Why this works: WebSocket is persistent and low-latency. Pub/Sub (Redis, RabbitMQ, Google Cloud Pub/Sub) decouples the writer from the readers; the writer publishes once, each reader gets notified. The cursor model avoids the thundering herd problem: no timestamp-based polling, no device hammering the sync endpoint on every interval. p99 sync latency is ~1s within a region because you're not waiting for the next poll cycle.
What is Expected at Each Level?
Mid-level
- Should identify the core requirements (upload, sync, download) with light prompting.
- Should ask clarifying questions about scale ("500M users? How much storage per user?") and what "sync" means in practice.
- Doesn't need to go deep on block-level deduplication or conflict resolution. Getting to a basic client → API → database → blob store architecture is plenty.
Senior
- Should drive the design with minimal prompting, articulating the separation of metadata and blob storage and why that matters at scale.
- Should surface durability and sync latency as the headline NFRs and use them to justify the architecture (e.g., "we need a persistent change log for reliability, and a push channel for latency").
- Anticipates the large-file upload problem and the sync conflict problem before being asked — these are classic failure modes.
- Speaks to the read:write asymmetry (5:1) and how it motivates caching or CDN for downloads.
Staff+
- Should not need any prompting.
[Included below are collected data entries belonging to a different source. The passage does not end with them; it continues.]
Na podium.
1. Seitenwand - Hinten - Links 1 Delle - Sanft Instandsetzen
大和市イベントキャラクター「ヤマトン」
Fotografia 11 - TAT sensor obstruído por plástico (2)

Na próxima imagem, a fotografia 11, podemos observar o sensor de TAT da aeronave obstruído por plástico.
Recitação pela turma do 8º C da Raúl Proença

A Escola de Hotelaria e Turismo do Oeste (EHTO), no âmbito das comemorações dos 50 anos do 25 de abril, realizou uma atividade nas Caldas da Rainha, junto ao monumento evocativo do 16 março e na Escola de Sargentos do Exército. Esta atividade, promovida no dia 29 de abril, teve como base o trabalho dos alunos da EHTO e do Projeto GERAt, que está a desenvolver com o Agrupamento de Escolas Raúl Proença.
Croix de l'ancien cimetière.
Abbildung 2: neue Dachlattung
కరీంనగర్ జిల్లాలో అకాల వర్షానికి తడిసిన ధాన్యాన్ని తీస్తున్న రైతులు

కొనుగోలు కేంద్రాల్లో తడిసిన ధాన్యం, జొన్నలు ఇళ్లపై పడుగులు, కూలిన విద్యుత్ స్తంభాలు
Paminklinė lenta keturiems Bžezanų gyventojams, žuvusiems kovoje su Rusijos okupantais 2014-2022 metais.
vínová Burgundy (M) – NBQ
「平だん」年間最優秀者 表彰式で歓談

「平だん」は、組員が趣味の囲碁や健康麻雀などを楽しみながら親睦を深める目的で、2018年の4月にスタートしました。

Articulates the full path: client-side hashing → manifest-based negotiation → block-level upload → metadata write → notification publish → peer pull.
- Surfaces non-obvious failure modes: what happens when the metadata DB goes down? How do you handle a reordered change log? What's the blast radius of a bad block hash in the deduplication table?
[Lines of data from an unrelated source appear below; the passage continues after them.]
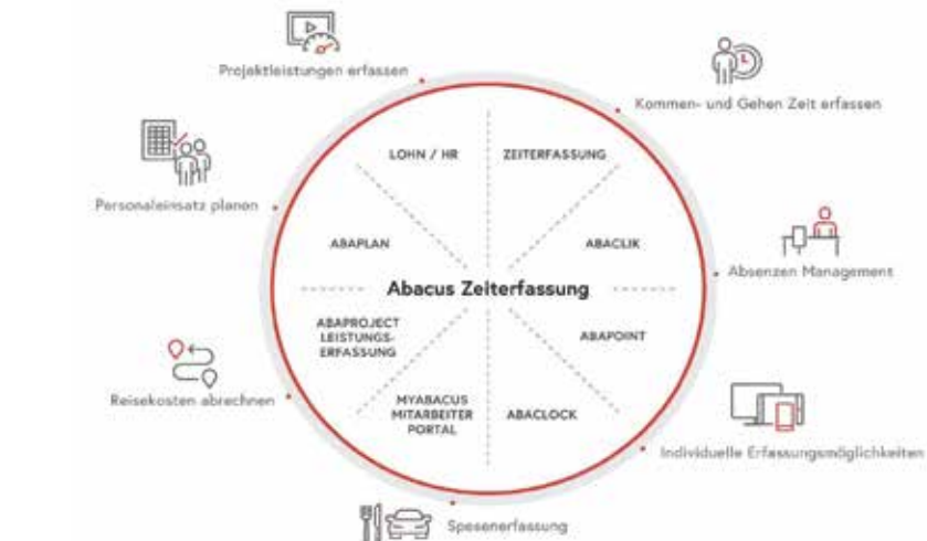
Das Zeiterfassungssystem von Abacus überzeugt durch einen umfassenden Leistungskatalog inklusive Personaleinsatzplanung, Spesenabrechnung und Veraltung von Absenzen.

Mit einem ausgereiften System können Unternehmen aus der Pflicht zur Arbeitszeiterfassung einige Vorteile gewinnen. So registrieren zeitgemässe Lösungen heute nicht nur das «Kommen und Gehen». Ist eine Zeiterfassung in ein ERP-System integriert, lassen sich daraus zusätzliche Vorteile erzielen. So werden beispielsweise mit der Zeiterfassungslösung von Abacus nicht nur Ein- und Ausgangszeiten registriert, sondern es lassen sich auch Personaleinsätze planen, Leistungen erfassen sowie Spesen und Reisekosten abrechnen. Auch können damit Absenzen verwaltet werden. Gleit- und Überzeiten sowie Feriensaldi sind jederzeit für die Mitarbeitenden in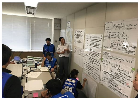
【大分県 DPAT の訓練】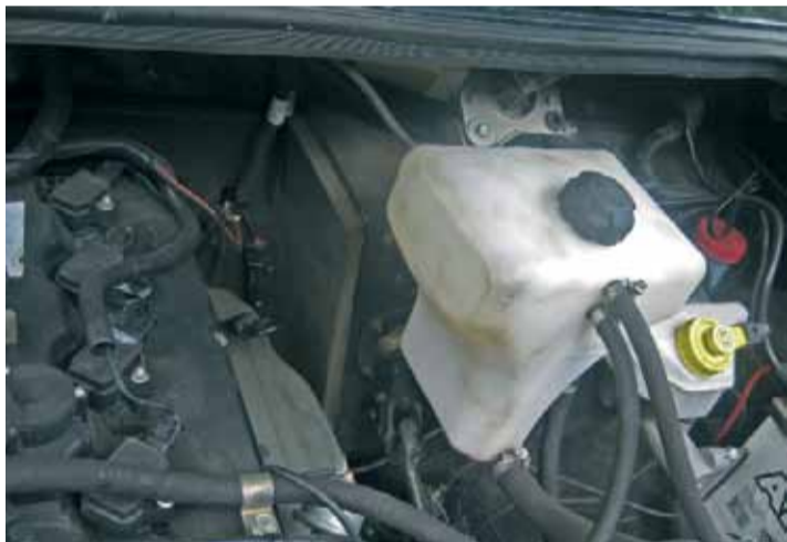
Выдвинутый в моторный отсек педальный щит легко размещается слева от узкого рядного двигателя и позволяет экономить продольный габарит салона.

А почему собственно отечественный? Потому что цена нового Патриота в разы меньше, чем у его иностранных аналогов. Кроме того, надо учитывать еще пока низкие цены на запчасти, а так же их доступность и возможность обслуживания на всей территории страны. Почему не бывший в употреблении, сходный Патриоту по цене иностранный аналог? Потому что у такого остаточный ресурс уже гораздо меньше, чем у нового УАЗа, а ремонт дорогой. По крайней мере в Москве Land Cruiser или Patrol за эту цену в живом состоянии найти крайне сложно.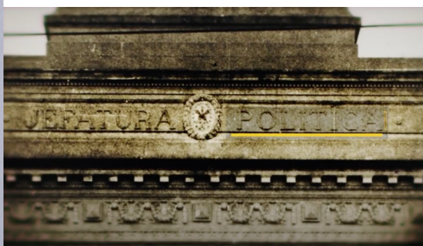
El edificio se inauguró en 1916. Debajo de la cuadriga romana que emula la Puerta de Brandeburgo de Berlín se lee: Jefatura Política. Manifiesta señal de que allí se alojaba el poder político de la provincia en la ciudad. 20. 21. Captura de pantalla de La arquitectura del crimen (2016) y Reconstrucción Parte 1 (2019).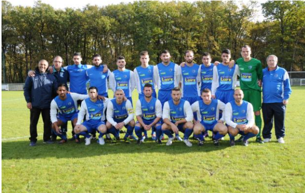
Equipe Sénior 1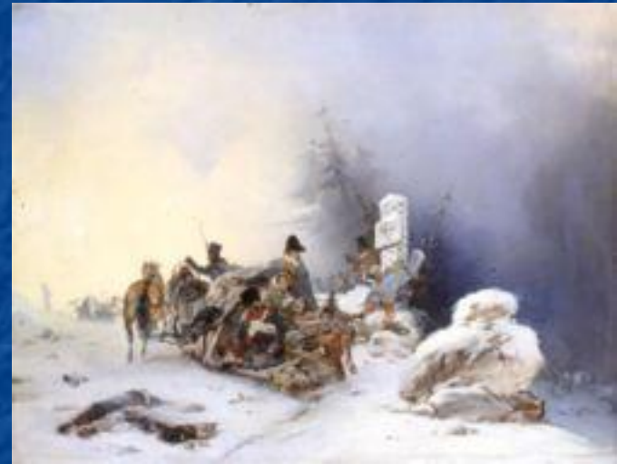
Бегство французов с семьями из России.

14 декабря в Ковно жалкие остатки «Великой Армии» в количестве 1600 человек переправились через Неман в Польшу, а затем в Пруссию. Позднее к ним присоединились остатки войск с других направлений. Отечественная война 1812 года завершилась практически полным уничтожением вторгнувшейся «Великой Армии».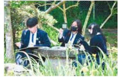
人文社会類型を選択したAさんの例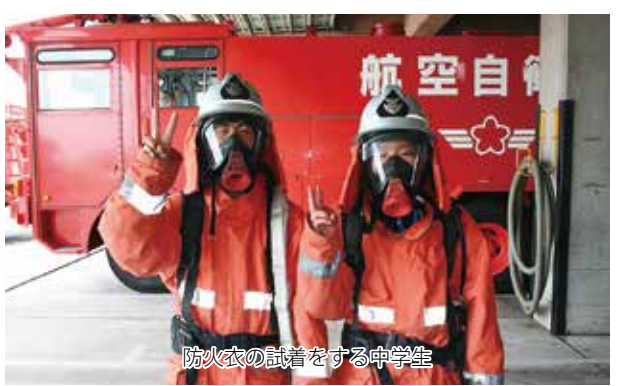
防火衣の試着をする中学生

初日は、基地資料館において、美保基地の概要について説明を受けた後、敬礼動作等の教育を受けて美保基地での体験学習を開始した。管制塔を見学した生徒たちは「初めて、管制塔での管制の仕事やC1の修理やT400のコックピットを見るのが出来て感動した。」と口々に述べ、当初緊張していた表情は徐々に笑顔に変わっていった。 4日間の体験学習を終えた生徒たちは「基地の中に消防や警察、病院の様なものまであり、とても驚きました。隊員の人が皆とても優しく安心しました。」「重たい装備を付けて素早く動き回る隊員やテキパキと仕事を、質問に何でも答えてくれる隊員がとてもカッコ良かったです。将来自衛官になりたいです。将来の感想を述べ、充実した体験学習を無事終了した。

- Speaks to operational concerns: how do you monitor sync latency p99? How do you roll out a new block size (4MB → 16MB) without breaking existing clients? What's your strategy for deleting files (soft-delete, lazy-delete, or hard-delete)?
- Knows when to push back: "Do we really need 11-nines durability? What's the cost in replication and consensus? Can we justify it with the customer SLA?"